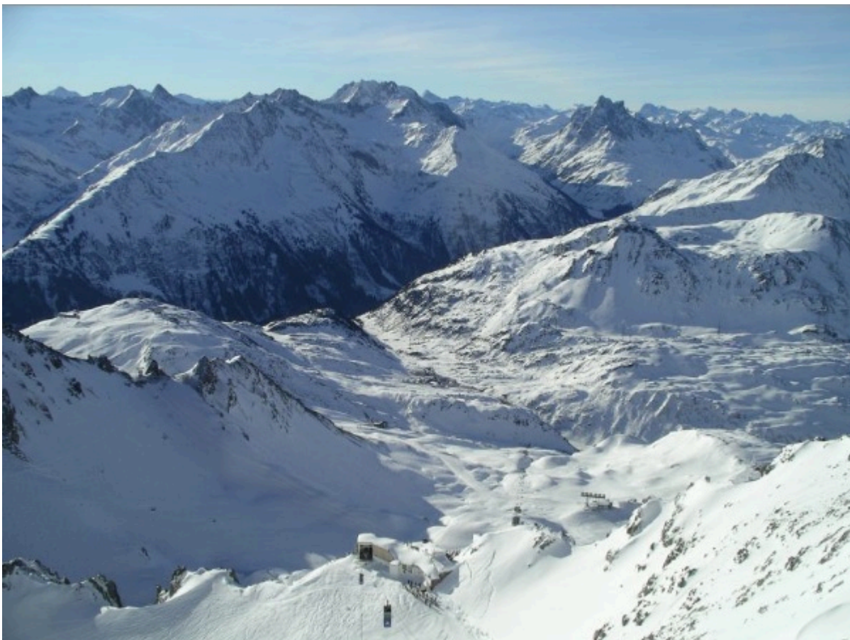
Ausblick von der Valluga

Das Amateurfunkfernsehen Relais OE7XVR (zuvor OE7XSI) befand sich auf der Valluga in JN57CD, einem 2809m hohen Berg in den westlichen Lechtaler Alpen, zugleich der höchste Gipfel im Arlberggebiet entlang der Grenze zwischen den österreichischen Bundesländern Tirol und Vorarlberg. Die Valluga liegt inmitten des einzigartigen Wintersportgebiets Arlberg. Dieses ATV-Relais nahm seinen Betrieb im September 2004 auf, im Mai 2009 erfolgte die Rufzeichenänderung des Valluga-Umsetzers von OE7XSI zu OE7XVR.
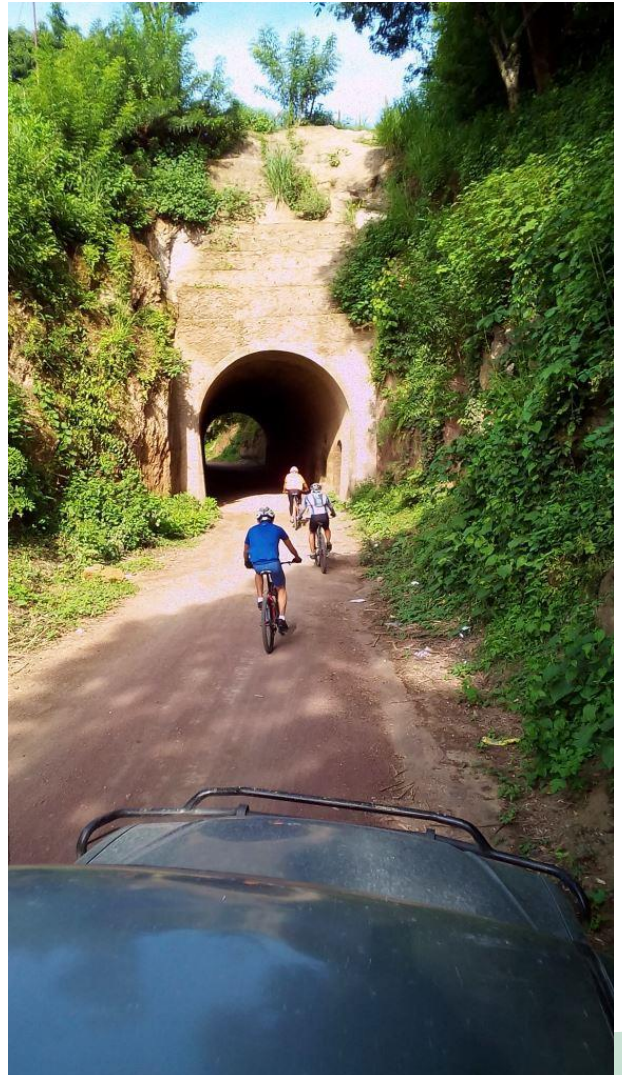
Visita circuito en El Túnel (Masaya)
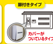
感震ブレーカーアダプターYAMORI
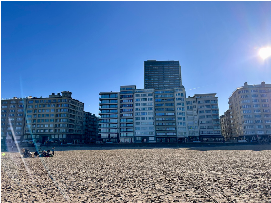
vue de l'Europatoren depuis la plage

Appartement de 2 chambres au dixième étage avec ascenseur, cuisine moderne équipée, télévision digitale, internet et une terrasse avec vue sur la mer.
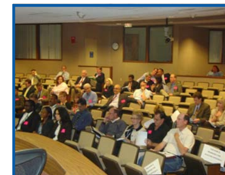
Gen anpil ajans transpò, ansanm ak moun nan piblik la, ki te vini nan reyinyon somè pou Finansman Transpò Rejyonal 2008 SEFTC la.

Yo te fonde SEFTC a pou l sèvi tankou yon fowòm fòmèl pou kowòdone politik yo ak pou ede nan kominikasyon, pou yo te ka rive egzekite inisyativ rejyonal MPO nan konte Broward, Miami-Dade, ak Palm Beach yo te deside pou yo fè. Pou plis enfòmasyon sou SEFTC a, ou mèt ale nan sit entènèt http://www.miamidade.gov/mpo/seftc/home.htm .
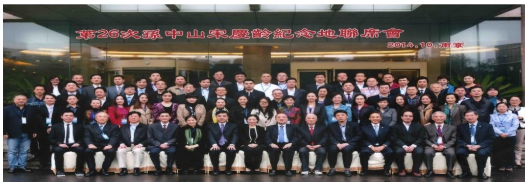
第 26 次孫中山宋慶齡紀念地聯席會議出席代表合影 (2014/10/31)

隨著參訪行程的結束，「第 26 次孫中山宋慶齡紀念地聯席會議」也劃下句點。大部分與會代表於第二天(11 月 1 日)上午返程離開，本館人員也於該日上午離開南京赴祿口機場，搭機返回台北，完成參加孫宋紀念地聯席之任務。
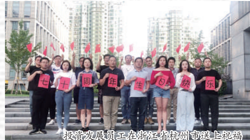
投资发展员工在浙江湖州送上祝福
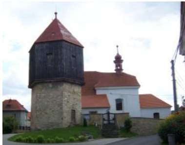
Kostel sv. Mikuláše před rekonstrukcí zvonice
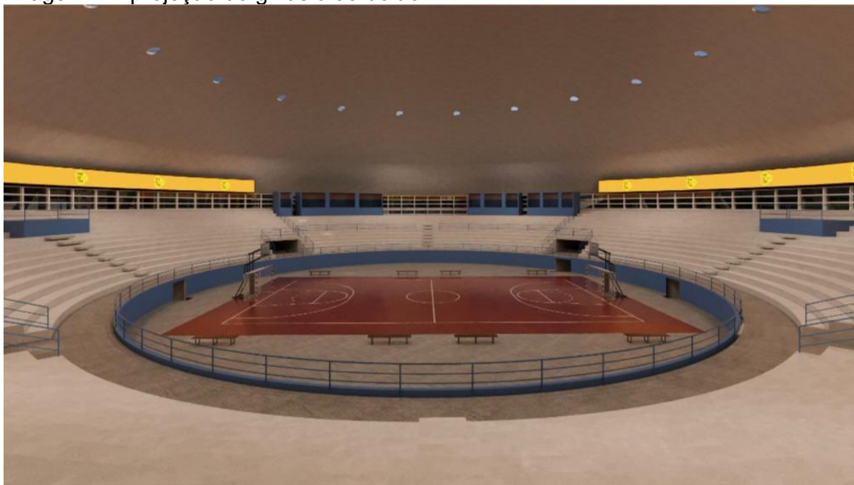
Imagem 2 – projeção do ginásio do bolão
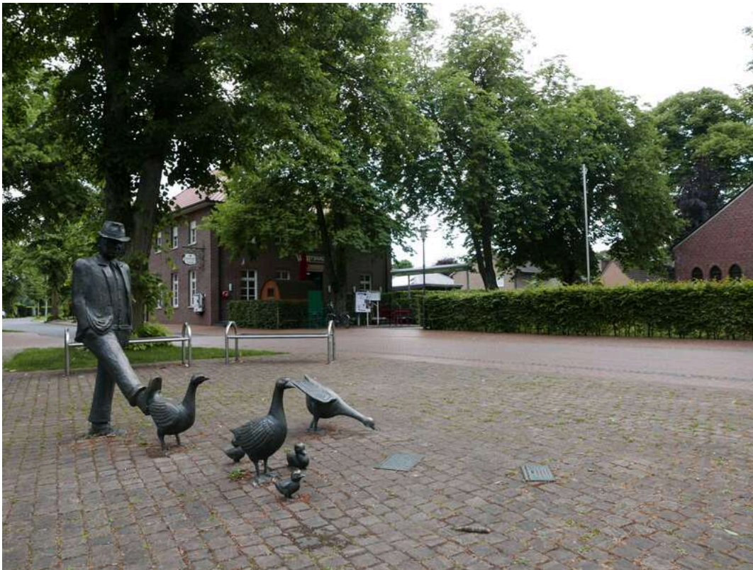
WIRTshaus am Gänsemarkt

---

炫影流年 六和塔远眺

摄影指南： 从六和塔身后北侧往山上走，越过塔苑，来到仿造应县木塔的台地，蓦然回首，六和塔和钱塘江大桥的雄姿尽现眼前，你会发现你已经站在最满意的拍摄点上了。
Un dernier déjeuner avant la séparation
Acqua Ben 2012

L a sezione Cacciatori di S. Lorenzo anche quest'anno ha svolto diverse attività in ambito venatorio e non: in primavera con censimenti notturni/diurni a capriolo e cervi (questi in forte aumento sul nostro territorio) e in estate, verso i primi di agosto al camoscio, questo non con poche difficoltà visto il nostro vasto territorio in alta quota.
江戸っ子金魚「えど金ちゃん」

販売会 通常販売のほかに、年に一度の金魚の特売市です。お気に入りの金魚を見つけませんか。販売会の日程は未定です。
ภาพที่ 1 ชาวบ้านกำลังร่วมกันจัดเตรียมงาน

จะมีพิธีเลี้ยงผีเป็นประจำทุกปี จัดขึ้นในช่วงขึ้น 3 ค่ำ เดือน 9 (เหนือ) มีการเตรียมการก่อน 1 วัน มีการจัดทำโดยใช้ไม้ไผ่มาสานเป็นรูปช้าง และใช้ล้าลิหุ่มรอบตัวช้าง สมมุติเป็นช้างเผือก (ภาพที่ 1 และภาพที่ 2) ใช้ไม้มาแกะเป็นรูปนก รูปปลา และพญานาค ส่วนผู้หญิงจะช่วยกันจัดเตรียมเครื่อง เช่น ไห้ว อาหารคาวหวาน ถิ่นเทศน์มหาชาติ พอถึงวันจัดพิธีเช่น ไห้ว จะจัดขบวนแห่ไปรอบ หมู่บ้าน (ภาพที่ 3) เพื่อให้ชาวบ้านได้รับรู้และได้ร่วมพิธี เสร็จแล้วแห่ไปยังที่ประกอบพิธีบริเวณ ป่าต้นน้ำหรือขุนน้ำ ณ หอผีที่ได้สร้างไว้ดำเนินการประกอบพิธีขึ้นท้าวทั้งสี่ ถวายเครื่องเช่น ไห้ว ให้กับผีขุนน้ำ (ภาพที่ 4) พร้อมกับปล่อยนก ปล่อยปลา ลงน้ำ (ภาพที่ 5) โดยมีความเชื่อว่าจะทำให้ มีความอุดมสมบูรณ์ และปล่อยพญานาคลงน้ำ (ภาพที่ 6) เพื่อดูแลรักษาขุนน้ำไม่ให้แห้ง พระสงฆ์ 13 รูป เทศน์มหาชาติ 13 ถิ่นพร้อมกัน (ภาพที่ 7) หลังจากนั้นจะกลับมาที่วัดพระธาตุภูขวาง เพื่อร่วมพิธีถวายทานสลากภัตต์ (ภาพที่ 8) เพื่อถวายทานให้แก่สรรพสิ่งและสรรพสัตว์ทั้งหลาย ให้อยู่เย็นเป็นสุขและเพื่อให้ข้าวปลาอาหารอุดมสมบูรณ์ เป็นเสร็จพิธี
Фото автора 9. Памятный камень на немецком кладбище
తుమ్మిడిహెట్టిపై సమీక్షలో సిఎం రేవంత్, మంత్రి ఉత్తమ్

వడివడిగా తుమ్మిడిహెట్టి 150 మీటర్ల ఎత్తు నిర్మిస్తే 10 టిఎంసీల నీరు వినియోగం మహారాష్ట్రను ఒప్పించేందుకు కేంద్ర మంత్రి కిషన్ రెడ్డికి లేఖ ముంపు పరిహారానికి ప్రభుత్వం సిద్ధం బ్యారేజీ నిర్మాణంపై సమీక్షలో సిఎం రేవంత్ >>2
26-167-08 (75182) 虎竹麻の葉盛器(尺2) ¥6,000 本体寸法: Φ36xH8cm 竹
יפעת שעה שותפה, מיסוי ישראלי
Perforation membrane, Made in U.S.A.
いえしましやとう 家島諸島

* * *

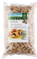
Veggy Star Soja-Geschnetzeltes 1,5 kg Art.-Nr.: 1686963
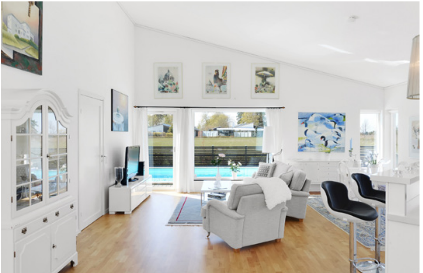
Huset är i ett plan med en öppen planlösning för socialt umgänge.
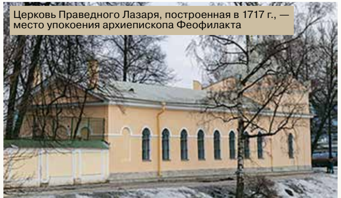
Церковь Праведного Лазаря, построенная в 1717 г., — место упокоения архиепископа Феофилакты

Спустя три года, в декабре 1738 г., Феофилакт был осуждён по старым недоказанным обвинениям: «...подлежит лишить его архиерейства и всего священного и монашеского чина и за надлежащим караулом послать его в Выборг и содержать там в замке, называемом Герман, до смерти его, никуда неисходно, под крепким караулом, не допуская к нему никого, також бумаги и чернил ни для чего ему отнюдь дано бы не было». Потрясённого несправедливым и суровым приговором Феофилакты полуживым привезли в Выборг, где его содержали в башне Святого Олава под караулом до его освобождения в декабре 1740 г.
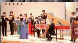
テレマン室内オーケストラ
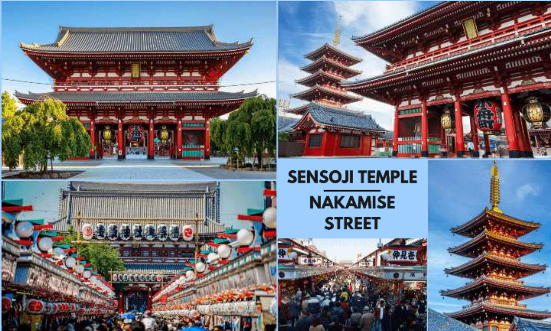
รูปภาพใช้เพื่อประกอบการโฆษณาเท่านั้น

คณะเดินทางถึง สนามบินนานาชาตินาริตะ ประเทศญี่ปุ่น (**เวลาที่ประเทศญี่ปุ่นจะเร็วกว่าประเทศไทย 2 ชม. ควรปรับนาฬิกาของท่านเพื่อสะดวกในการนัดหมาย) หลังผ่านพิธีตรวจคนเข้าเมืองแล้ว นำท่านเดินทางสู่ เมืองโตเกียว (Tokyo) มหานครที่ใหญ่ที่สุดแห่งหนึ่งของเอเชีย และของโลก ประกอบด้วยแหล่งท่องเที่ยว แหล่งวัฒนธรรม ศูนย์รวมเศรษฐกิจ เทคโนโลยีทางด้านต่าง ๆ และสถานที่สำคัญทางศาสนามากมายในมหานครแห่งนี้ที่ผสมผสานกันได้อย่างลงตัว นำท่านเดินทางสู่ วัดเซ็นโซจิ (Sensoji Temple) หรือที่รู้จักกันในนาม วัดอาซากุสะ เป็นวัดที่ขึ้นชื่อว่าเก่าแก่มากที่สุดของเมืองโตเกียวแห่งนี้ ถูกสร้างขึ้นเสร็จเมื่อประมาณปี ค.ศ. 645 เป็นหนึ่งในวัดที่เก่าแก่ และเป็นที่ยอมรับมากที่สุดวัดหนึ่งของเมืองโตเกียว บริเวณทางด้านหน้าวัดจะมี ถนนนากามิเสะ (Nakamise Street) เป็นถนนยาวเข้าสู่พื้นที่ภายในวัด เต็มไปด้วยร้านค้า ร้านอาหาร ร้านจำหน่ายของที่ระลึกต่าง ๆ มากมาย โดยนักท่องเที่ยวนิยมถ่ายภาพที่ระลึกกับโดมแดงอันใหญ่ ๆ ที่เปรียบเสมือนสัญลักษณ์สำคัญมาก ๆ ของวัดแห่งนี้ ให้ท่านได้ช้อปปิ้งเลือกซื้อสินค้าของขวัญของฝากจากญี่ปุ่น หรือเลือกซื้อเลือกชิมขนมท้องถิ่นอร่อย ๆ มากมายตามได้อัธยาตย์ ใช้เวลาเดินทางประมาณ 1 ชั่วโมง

§ Task item
Transcribe the records above exactly, beginning at the line that contains "L a sezione" and ending with the line that contains "ภาพที่ 1 ชาวบ้านกำลังร่วมกันจัดเตรียมงาน", both included, and nothing else.

§ Reply to the exercise
L a sezione Cacciatori di S. Lorenzo anche quest'anno ha svolto diverse attività in ambito venatorio e non: in primavera con censimenti notturni/diurni a capriolo e cervi (questi in forte aumento sul nostro territorio) e in estate, verso i primi di agosto al camoscio, questo non con poche difficoltà visto il nostro vasto territorio in alta quota.
江戸っ子金魚「えど金ちゃん」

販売会 通常販売のほかに、年に一度の金魚の特売市です。お気に入りの金魚を見つけませんか。販売会の日程は未定です。
ภาพที่ 1 ชาวบ้านกำลังร่วมกันจัดเตรียมงาน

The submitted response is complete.